One of my main goals in revising the theoretical CS course is to give students both rigorous foundations as well as a taste of modern topics. Some of these modern topics:

**Cryptography**: a topic that combines mathematical beauty, practical importance, and a demonstration that sometimes computational hardness can be a resource rather than a hindrance.**Quantum computing:**a topic that shows the interaction between TCS and physics, the fundamental nature of the “Church Turing hypothesis”, and how we can (as in crypto) take a “lemon” (inability of classical computers to simulate certain quantum processes) and use it to make “lemonade” (a computer with stronger power than classical computers).**Randomized computation and derandomization:**Randomization is now essential to so many areas of CS, and so it is important to both demonstrate its power, and also how we might use complexity to remove it.**Machine learning and average-case complexity:**Traditionally in an intro TCS course the focus is purely on worst-case complexity. This leads to a disconnect with modern applications of CS, and in particular machine learning.

So, I ended up writing my own text – **Introduction to Theoretical Computer Science**. While at some point I hope to make it into a printed book, it will always be available freely online on https://introtcs.org/. The markdown source for it is available on the repository https://github.com/boazbk/tcs . I’ve benefitted greatly from feedback from both students and readers around the globe: at the time of writing, the project has 330 issues and 385 pull requests.

A central difference between the approach I take and the one of previous courses is that I start from **Boolean circuits** as the first model of computation. Boolean circuits are crucial to teach the topics above:

- Cryptography is much more natural with circuits rather than Turing machines as the model of computation. Statements such as “128 bits of security” make no sense in the asymptotic Turing machine formalism, but can be made precise with circuits.
- The standard model for quantum computing is quantum circuits.
- Derandomization is best described using the circuit model, and of course many results such as BPP in the Polynomial-Hierarchy are best shown using circuits and the class P/poly as an intermediate concept.
- Circuits are a very natural fit for machine learning, and in particular Neural Networks are just a special type of circuit.

Finally, while circuits are often considered an “advanced” topic, they have some advantages over automata as the initial model of computation:

**Finite is always easier than infinite:**Starting with circuits enables us to start the course talking about arguably the simplest object: finite functions. Writing down the truth table of a finite function, and showing that there is more than one circuit to compute the same function, also helps clarify the difference between**specification**of a function and its**implementation**by some algorithm, which is distinction that many students grapple with.**Circuits are connected to actual hardware**. An intro to TCS course is not a pure math course – we want to convey to students that are models are motivated by actual computing.

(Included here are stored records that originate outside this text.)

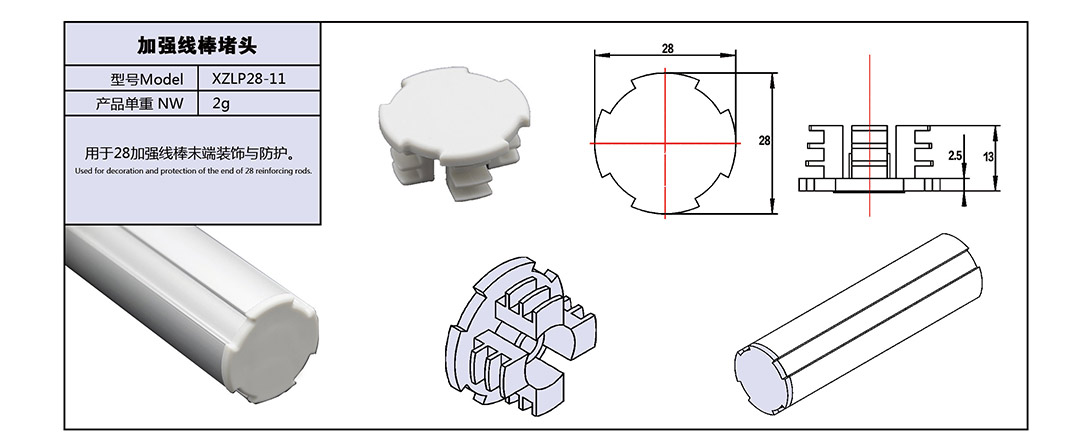 用于28加強線棒末端裝飾與防護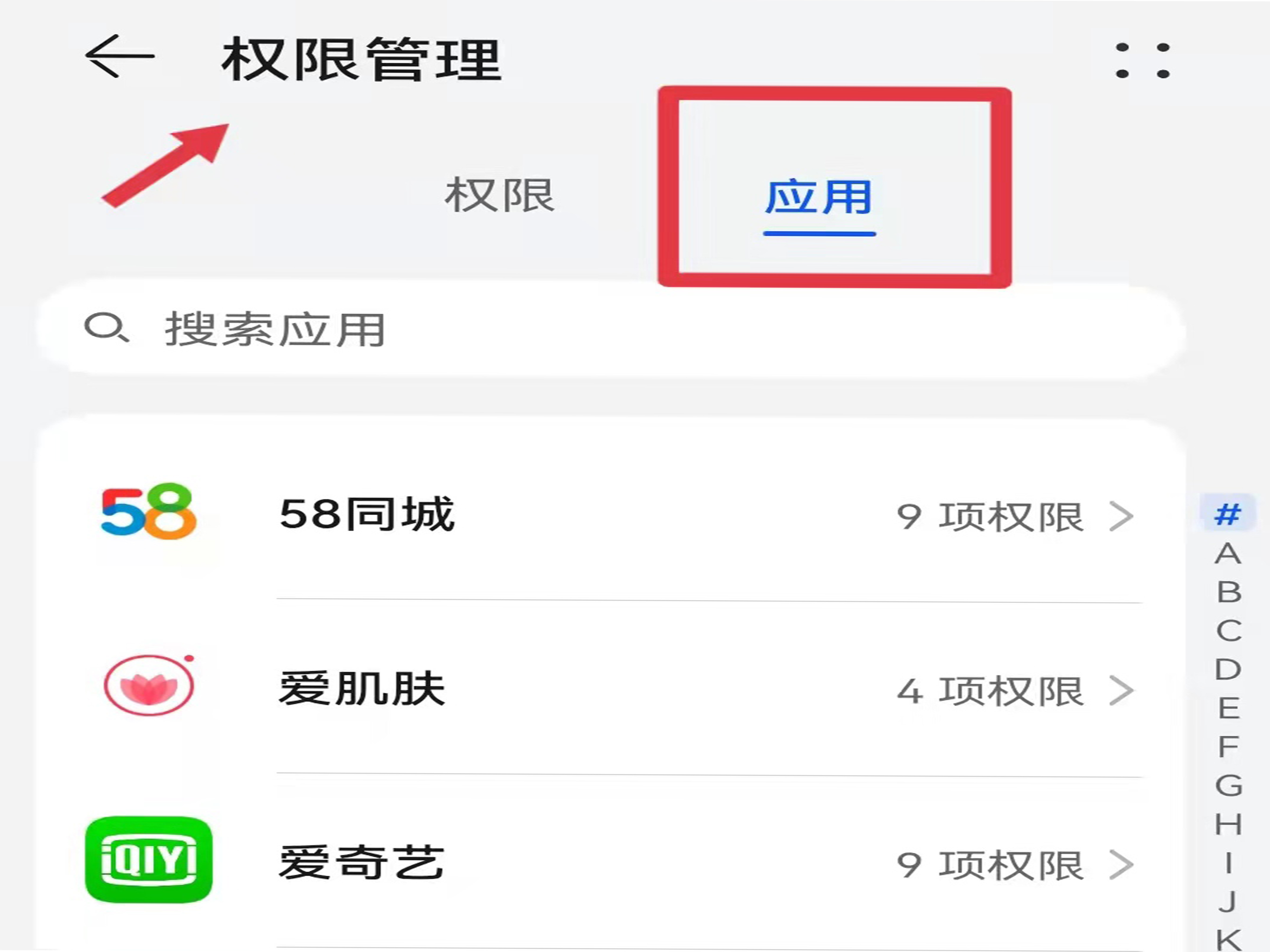 3、在权限管理页面的搜索框输入“滴滴出行”。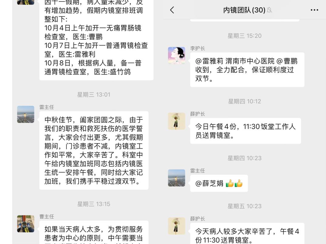 双节期间,聚餐聚会频繁,饮食结构改变,加之许多市民利用假期进行常规检查或处理积压的健康问题,导致消化内镜中心的咨询电话持续火爆,检查需求激增。面对这一情况,消化内科主任雷雅莉、内镜中心副主任曹鹏第一时间启动应急预案,确保医疗工作有序、高效开展。

Circuits make this connection much closer, and less artificial than automata or even Turing machines.**Can show cool theorems early.**If we start with automata, then the first theorems we show can often seem not well motivated to students. It takes some time to build the machinery to show the main theorem – equivalence of automata and regular expressions – and the proof of that theorem is rather technical. In contrast, with circuits we can show three important theorems rather quickly:**(1)***every*finite function can be computed by some circuit of at most size,**(2)***every*circuit of size can be represented as a labeled graph and hence (using adjacency list) by a string of size , and**(3)**using (2) and the fact that there are functions mapping to , there*exist*some function that*requires*a circuit of gates.

While the course is a theory course, and not about programming, one of my goals in the book and course was to connect it to programming. This is not just to motivate students and make them feel that the material is “practical” but also to better understand the theory itself. Notions such as NP-completeness reductions can be often confusing to students (which is why they get the direction wrong half the time). Implementing a reduction from 3SAT to independent set and seeing the end result make it much more concrete.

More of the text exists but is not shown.